I extracted the mostly useless writing utensil and placed it on the counter where it was received by a small hand.

“Grabby,” he said.

He didn’t examine the pencil to notice that it wasn’t round, or to see the peeling blue paint or the crudely sharpened end, shaved to a passable point by a knife instead of a pencil sharpener.

He just stuck it right into his ear and said, “Ow,” with surprise in his voice.

“No,” I shouted and confiscated the pencil.

“Why would you put that into your ear?” I asked.

“Dada,” he replied.

I shook my head, obviously, he didn’t understand the question.

Later that day, Daddy Longlegs called to check-in on the inmates of the madhouse.

I explained, “Everything is fine except that Little Legs stuck a pencil in his ear.”

He replied without surprise, “I guess I taught him that. I tried to teach him how to put it behind his ear, but he kept putting it into his ear.”

“Well, I guess you did,” I said with a tone that indicated that there were better things to teach the tiny monkey.     

The little boy was always watching and waiting for his opportunity to test out new skills. To that end, he might not be able to get the pencil to do exactly what he planned, but he sure could tell on the person who tried to teach him to do it.

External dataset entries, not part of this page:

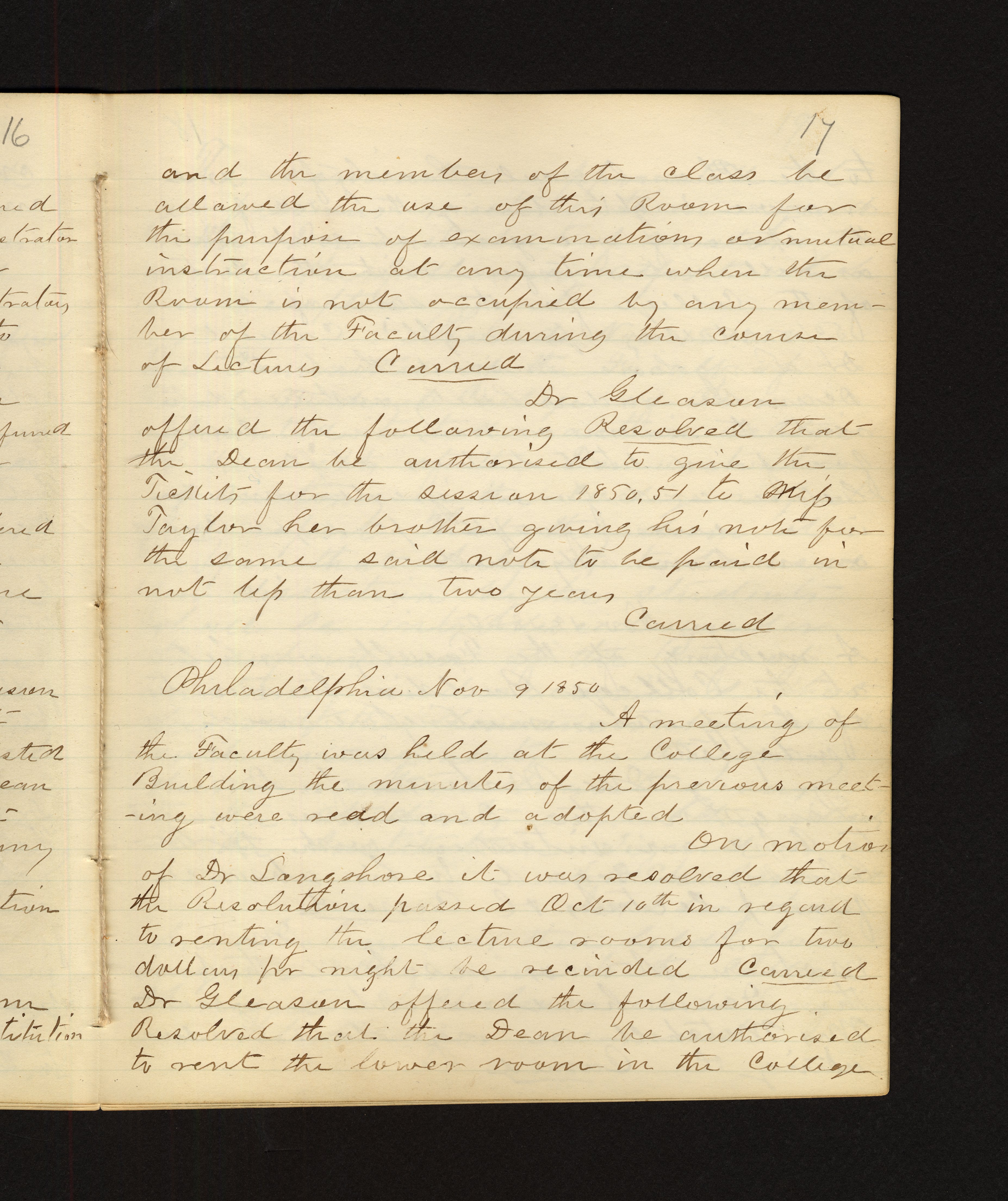 - 17 and the members of the class be allowed the use of this Room for the purpose of examinations or mutual instruction at any time when the Room is not occupied by any member of the Faculty during the course of Lectures. Carried Dr Gleason offered the following Resolved that the Dean be authorised to give the Tickets for the session 1850, 51 to Miss Taylor her brother giving his note for the same said note to be paid in not less than two years Carried Philadelphia Nov 9 1850 A meeting of the Faculty was held at the College Building the minutes of the previous meeting were read and adopted On motion of Dr Langshore it was resolved that the Resolution passed Oct 10th in regard to renting the lecture rooms for two dollars for night be recinded. Carried Dr Gleason offered the following Resolved that the Dean be authorised to rent the lower room in the College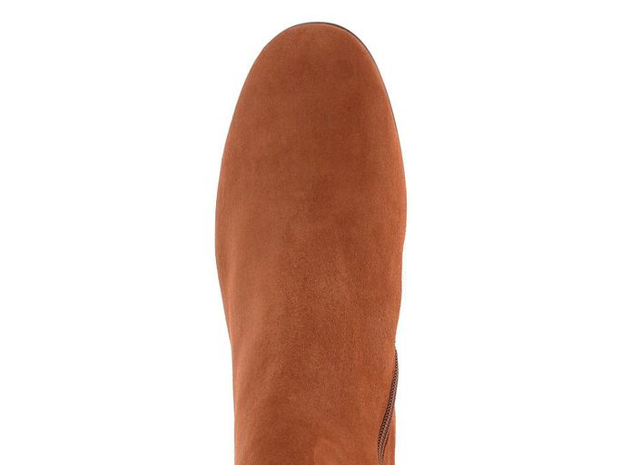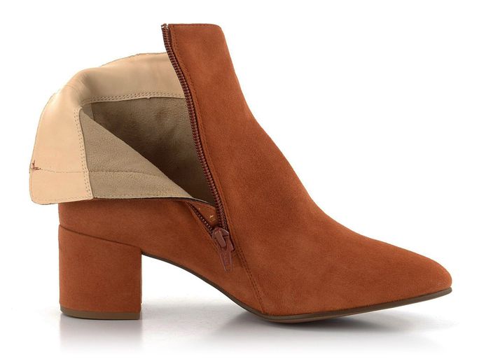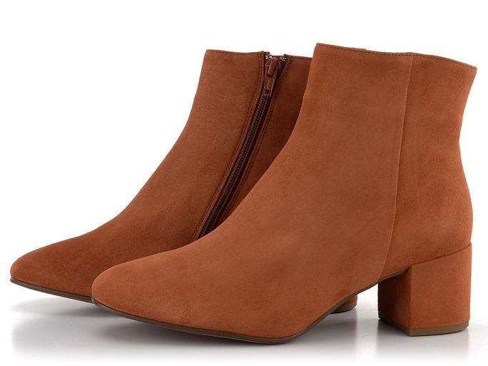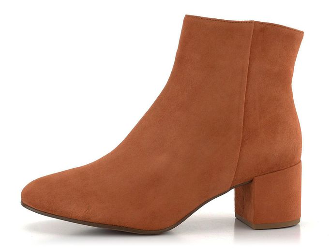 Dámský podzimní elegantní kotník ze semišové kůže v rezavě hnědé barvě a na širokém potaženém podpatku.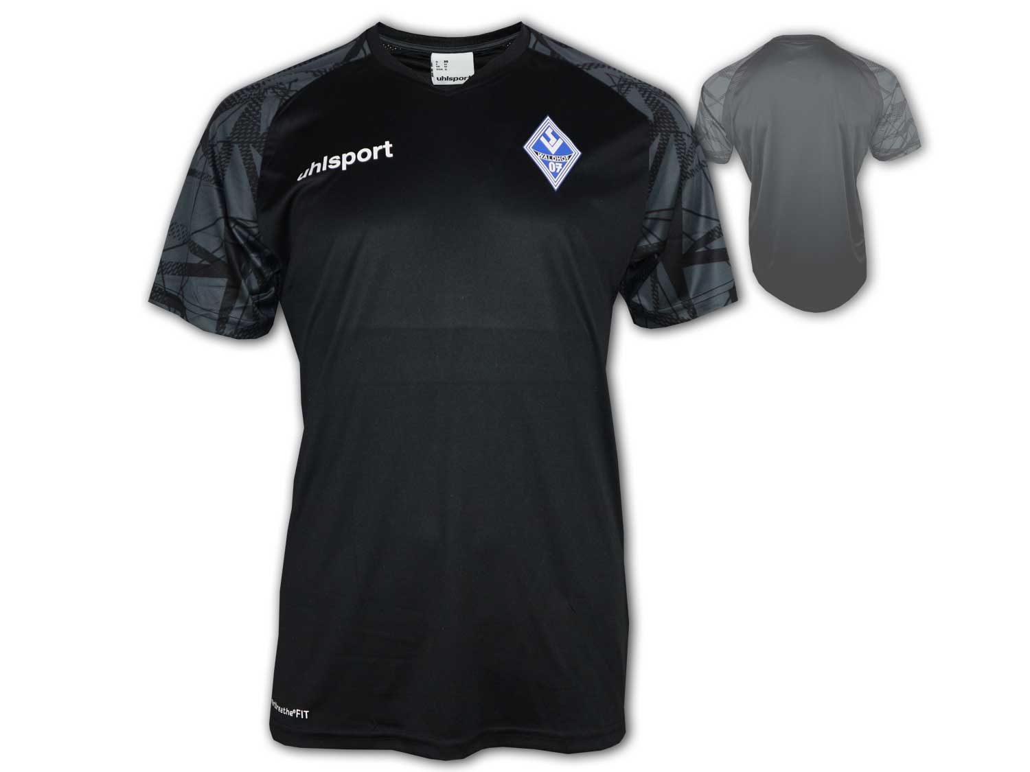 Aktuelles und hochwertiges Waldhof Mannheim Trainingsshirt in schwarz zur Saison 2023 24 von Uhlsport. SVW Fan Jersey des deutschen Fußballvereins aus Mannheim, auch die Waldhof Buben genannt, welches hochwertig mit smartbreatheFit Funktionsmaterial verarbeitet ist. Das Mannheim Fußballtrikot im angenehmen Tragekomfort zieren ein aufgedruckter uhlsport Schriftzug, sowie ein Waldhof Wappen auf der Brust. Material: 100% Polyester; Farbe: BLACK / ANTHRACITE.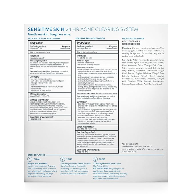 Acne Free 3-Step Acne Treatment Kit with Salicylic Acid Face Wash, Alcohol-Free Toner, & Benzoyl Peroxide Lotion for Sensitive Skin and Fighting Breakouts, 24 Hour Face Clearing System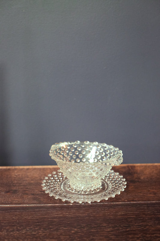 Duncan Miller Hobnail Clear Bowl & Dish - Vintage Pressed Glass Mayonnaise Dish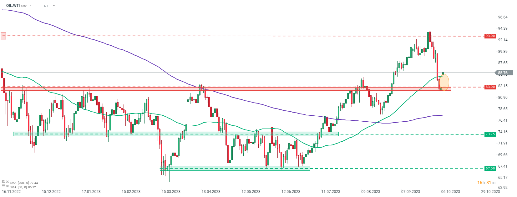 Il WTI (OIL.WTI) è rimbalzato dalla zona dei prezzi degli 83 dollari, segnando il limite superiore della precedente zona di resistenza. Oggi i prezzi del petrolio sono aumentati del 3-4% in risposta alla situazione in Medio Oriente. Fonte: xStation5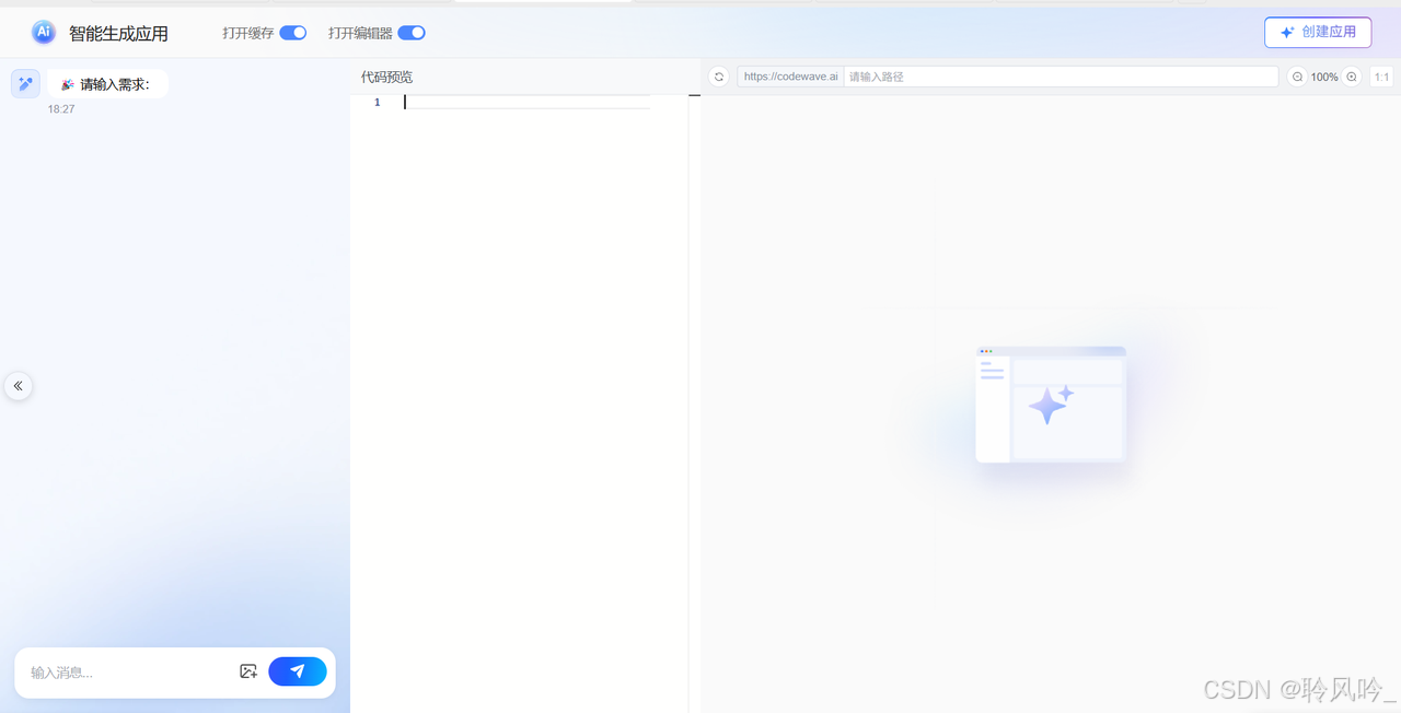 点击 "智能生成应用" 按钮后,我进入了一个简洁而强大的界面。

We were now living in a house of no secrets.

Creature of the Crib

Perhaps the monitor is picking up the sound from another dimension?

Surely, a pterodactyl is not shrieking in the baby’s room. However, if my ears are to be believed, an otherworldly demon-creature has taken over, and I can only assume it is sitting on the changing table, lovingly gazing down at the baby, squalling and shrieking with delight.

What else could be making such a high-pitched, unhuman like noise?

A quick check of the screen reveals an angry baby, rocking back and forth. He, indeed, is the tiny the creature of the crib.

This comes as quite the surprise as I hoped that he would stay as a baby a bit longer before becoming this being with a voice of his own who wants to crawl and walk and run and play.

Of course, what is not shocking is that it happened in 2020: the year of the pandemic, the election, and now the creature of the crib.  

What comes next in this time that feels like a science fiction novel?

Flying pigs, self-driving cars, healthcare for all?

In a few more weeks, this will be a year to remember and tuck away into history. Gone for good, thankfully. A year we never have to relive unless we still can’t get the virus under control. And in that case, I wouldn’t put the hand sanitizer away, not quite yet.